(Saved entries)
━━━━━━
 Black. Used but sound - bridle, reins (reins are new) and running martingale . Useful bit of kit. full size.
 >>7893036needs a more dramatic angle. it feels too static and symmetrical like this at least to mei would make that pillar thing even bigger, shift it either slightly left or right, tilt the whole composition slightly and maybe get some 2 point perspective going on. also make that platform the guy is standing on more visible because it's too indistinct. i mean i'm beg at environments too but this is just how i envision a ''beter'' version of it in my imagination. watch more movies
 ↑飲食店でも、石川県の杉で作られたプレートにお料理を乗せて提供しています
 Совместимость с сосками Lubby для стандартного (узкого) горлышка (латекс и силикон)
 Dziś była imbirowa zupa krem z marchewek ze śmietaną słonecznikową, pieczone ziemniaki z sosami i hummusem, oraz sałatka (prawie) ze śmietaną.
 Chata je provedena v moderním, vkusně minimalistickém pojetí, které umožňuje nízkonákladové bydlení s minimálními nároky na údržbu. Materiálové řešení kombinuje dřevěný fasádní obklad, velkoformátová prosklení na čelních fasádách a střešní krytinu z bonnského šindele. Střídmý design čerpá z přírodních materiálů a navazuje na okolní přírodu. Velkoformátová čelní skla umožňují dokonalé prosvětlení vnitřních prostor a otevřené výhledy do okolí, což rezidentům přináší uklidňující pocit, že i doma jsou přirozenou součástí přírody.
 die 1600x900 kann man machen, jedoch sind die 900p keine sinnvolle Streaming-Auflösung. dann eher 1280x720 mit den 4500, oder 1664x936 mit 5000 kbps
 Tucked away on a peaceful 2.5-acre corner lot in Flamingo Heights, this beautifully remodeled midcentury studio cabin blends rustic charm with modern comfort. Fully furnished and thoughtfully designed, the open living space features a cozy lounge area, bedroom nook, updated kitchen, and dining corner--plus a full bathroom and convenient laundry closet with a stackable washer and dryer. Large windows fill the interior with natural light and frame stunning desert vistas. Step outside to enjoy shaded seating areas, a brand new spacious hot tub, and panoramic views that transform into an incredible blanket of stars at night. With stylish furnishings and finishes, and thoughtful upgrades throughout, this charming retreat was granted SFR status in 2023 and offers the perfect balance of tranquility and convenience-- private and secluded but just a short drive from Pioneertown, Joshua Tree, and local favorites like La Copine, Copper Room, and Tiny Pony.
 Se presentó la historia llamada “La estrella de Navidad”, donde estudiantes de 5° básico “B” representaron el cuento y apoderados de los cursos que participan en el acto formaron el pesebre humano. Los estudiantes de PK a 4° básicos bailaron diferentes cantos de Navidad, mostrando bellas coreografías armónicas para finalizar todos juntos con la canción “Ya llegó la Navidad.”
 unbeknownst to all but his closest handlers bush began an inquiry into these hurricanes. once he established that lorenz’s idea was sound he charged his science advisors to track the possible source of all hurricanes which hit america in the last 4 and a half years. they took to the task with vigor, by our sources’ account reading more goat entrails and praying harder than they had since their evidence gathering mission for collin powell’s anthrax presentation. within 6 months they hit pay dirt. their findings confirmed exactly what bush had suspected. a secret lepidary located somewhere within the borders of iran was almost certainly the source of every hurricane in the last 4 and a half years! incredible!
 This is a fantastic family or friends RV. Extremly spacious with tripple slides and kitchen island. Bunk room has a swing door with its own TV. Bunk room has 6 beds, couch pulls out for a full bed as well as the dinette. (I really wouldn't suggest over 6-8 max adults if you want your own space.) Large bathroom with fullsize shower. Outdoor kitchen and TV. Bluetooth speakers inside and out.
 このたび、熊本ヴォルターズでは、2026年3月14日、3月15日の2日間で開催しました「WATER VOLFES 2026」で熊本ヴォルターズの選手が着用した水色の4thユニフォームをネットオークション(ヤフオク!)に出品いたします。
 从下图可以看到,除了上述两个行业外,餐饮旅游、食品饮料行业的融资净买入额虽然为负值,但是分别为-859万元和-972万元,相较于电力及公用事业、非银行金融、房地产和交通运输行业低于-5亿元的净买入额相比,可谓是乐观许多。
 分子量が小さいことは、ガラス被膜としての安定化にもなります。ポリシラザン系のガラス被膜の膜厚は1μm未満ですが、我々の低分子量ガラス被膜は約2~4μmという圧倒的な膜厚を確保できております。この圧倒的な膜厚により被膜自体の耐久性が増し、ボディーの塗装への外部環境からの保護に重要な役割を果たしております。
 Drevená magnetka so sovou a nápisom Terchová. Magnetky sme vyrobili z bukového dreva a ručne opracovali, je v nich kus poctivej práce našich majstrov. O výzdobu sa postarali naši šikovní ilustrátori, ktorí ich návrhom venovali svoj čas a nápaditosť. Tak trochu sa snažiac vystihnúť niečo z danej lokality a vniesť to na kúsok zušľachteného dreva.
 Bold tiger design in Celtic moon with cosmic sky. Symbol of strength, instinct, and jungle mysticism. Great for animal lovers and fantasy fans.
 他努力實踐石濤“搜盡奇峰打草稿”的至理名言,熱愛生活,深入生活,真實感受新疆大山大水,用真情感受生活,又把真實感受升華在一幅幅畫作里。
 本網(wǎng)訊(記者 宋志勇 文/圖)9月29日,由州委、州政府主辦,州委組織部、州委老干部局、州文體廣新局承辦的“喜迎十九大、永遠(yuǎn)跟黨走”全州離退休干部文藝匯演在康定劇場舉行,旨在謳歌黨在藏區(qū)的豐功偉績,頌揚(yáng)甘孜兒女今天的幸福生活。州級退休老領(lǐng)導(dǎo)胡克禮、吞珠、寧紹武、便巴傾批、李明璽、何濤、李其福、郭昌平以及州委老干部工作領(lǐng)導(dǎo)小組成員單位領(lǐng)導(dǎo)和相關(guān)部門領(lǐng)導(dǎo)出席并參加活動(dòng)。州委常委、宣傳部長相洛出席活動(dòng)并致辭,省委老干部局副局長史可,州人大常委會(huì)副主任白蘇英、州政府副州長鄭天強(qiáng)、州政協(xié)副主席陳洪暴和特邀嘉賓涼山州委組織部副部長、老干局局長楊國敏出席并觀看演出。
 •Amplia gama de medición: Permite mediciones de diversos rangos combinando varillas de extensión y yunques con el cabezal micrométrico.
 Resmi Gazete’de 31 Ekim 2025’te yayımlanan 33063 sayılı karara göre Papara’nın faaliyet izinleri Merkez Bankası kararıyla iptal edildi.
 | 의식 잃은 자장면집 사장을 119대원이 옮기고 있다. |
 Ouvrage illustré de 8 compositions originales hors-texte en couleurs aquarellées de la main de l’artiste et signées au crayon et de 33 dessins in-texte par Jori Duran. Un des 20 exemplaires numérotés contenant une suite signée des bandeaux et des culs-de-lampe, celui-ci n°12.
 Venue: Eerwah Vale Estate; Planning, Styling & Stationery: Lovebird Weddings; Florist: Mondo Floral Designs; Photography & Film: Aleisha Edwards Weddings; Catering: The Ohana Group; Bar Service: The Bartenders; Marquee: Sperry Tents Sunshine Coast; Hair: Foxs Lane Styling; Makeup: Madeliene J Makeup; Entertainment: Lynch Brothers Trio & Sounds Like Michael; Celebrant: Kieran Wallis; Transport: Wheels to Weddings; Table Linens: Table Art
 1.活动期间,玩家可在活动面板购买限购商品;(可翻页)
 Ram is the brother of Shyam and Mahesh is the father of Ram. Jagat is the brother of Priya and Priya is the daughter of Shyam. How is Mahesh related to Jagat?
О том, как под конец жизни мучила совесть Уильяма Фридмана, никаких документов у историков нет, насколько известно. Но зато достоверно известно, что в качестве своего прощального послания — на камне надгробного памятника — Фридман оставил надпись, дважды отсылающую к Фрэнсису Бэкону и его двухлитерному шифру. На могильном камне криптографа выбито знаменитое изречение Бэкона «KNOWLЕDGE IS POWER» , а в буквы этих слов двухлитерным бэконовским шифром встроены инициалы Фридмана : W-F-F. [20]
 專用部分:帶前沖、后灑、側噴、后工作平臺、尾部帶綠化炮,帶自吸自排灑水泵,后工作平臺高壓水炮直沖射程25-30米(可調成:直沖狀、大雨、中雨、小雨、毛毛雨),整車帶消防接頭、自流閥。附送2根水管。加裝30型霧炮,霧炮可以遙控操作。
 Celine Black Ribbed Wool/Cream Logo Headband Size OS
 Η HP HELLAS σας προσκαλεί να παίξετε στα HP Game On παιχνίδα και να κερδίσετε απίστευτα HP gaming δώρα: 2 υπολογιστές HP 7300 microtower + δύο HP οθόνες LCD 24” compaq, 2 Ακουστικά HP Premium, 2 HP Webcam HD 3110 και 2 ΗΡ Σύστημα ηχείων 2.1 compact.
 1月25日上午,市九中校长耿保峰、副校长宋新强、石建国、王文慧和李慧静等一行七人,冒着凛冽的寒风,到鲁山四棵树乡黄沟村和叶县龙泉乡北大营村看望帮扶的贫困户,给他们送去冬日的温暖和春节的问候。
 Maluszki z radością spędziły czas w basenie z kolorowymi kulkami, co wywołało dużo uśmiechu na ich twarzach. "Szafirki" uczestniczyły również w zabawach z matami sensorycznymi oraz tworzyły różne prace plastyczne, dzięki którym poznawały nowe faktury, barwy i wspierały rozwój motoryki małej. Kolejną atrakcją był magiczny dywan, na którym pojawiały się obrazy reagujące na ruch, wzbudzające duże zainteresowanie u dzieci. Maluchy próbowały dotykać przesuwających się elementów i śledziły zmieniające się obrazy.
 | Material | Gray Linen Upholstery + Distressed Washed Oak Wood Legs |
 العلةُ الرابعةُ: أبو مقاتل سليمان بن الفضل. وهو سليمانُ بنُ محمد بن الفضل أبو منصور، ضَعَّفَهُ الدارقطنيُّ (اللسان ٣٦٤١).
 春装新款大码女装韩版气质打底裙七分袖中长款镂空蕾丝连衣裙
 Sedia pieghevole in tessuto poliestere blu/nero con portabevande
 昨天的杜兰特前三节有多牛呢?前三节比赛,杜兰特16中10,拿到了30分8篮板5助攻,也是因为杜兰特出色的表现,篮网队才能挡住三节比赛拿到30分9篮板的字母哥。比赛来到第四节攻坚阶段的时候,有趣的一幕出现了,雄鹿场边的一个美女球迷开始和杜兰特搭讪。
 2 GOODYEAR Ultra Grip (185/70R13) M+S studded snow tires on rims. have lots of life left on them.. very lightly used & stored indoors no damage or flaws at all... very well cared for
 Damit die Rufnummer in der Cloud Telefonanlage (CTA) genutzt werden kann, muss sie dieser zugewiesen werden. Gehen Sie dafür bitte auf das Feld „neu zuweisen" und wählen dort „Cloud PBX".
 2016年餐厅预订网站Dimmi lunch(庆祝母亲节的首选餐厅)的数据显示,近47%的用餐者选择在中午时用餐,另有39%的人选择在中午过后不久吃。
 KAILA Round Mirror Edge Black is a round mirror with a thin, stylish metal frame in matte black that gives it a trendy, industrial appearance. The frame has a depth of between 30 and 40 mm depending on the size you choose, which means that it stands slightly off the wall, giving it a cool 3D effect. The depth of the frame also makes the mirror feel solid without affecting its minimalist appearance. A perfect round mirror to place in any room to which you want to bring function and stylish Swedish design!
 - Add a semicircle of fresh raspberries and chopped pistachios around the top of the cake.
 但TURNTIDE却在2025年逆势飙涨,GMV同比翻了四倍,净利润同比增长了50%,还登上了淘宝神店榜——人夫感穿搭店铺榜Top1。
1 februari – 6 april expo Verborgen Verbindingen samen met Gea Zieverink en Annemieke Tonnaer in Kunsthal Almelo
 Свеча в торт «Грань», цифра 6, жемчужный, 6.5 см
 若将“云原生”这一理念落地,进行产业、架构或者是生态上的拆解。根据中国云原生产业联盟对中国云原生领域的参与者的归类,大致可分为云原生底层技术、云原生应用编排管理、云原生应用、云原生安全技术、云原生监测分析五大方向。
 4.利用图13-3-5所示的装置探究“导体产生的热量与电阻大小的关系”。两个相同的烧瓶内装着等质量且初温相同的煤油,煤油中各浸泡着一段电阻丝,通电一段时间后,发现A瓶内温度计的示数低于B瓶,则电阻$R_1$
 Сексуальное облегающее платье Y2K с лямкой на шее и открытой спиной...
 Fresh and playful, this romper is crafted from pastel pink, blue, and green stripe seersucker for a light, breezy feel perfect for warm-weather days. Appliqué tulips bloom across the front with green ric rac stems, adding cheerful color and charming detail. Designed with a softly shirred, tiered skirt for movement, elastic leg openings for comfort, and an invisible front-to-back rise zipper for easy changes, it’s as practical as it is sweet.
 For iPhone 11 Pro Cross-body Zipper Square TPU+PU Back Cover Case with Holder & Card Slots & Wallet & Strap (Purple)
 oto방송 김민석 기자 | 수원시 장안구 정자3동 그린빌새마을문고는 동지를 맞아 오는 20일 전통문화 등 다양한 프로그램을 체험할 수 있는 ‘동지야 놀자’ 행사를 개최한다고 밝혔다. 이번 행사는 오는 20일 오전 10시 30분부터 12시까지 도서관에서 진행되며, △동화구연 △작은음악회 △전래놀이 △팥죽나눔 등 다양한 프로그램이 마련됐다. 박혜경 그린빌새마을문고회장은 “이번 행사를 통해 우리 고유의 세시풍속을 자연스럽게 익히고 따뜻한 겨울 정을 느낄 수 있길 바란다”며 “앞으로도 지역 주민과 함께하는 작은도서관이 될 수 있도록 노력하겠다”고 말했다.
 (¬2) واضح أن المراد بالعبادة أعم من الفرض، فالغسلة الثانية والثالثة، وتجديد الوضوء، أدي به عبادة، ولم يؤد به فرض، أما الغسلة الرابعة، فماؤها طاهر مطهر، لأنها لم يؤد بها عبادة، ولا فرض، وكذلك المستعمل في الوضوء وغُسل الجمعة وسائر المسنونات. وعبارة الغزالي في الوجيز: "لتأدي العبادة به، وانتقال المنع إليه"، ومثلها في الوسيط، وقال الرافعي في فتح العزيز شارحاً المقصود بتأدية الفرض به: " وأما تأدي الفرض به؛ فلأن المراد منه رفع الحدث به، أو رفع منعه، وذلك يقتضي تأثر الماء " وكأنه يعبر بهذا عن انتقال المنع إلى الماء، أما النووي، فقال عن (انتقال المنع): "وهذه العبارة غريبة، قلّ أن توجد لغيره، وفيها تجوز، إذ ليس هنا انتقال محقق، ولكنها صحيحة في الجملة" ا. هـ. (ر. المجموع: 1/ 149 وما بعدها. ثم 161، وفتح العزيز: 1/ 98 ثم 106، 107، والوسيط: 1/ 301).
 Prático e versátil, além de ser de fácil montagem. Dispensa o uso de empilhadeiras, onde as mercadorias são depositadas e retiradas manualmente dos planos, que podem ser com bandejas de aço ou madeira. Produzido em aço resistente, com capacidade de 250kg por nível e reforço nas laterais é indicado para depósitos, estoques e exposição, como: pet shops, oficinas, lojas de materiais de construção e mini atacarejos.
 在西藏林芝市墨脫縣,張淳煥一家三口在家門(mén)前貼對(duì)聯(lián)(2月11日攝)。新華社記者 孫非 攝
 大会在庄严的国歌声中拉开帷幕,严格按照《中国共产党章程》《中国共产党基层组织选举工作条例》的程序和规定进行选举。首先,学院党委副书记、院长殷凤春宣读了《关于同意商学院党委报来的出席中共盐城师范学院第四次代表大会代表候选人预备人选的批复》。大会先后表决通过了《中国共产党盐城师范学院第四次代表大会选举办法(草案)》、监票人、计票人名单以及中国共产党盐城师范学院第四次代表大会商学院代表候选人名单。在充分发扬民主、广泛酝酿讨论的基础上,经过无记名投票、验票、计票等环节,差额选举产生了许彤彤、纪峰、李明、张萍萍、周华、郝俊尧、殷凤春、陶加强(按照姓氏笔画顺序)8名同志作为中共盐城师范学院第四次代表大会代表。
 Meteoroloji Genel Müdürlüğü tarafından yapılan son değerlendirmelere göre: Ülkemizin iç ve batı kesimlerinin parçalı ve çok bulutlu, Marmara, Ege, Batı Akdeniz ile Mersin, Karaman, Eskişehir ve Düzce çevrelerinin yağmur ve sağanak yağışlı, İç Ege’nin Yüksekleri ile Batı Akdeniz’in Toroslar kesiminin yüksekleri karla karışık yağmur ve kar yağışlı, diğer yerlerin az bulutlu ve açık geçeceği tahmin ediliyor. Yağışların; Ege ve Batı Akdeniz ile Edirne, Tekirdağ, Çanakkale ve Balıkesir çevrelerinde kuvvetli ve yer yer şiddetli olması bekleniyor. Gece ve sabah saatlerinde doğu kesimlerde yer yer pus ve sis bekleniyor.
━━━━━━
_What to do:_
Given the records above, return exactly the lines starting at the line containing "但TURNTIDE却在202" and ending at the line containing "Fresh and playful, this", including both.

_Solved exercise:_
 但TURNTIDE却在2025年逆势飙涨,GMV同比翻了四倍,净利润同比增长了50%,还登上了淘宝神店榜——人夫感穿搭店铺榜Top1。
1 februari – 6 april expo Verborgen Verbindingen samen met Gea Zieverink en Annemieke Tonnaer in Kunsthal Almelo
 Свеча в торт «Грань», цифра 6, жемчужный, 6.5 см
 若将“云原生”这一理念落地,进行产业、架构或者是生态上的拆解。根据中国云原生产业联盟对中国云原生领域的参与者的归类,大致可分为云原生底层技术、云原生应用编排管理、云原生应用、云原生安全技术、云原生监测分析五大方向。
 4.利用图13-3-5所示的装置探究“导体产生的热量与电阻大小的关系”。两个相同的烧瓶内装着等质量且初温相同的煤油,煤油中各浸泡着一段电阻丝,通电一段时间后,发现A瓶内温度计的示数低于B瓶,则电阻$R_1$
 Сексуальное облегающее платье Y2K с лямкой на шее и открытой спиной...
 Fresh and playful, this romper is crafted from pastel pink, blue, and green stripe seersucker for a light, breezy feel perfect for warm-weather days. Appliqué tulips bloom across the front with green ric rac stems, adding cheerful color and charming detail. Designed with a softly shirred, tiered skirt for movement, elastic leg openings for comfort, and an invisible front-to-back rise zipper for easy changes, it’s as practical as it is sweet.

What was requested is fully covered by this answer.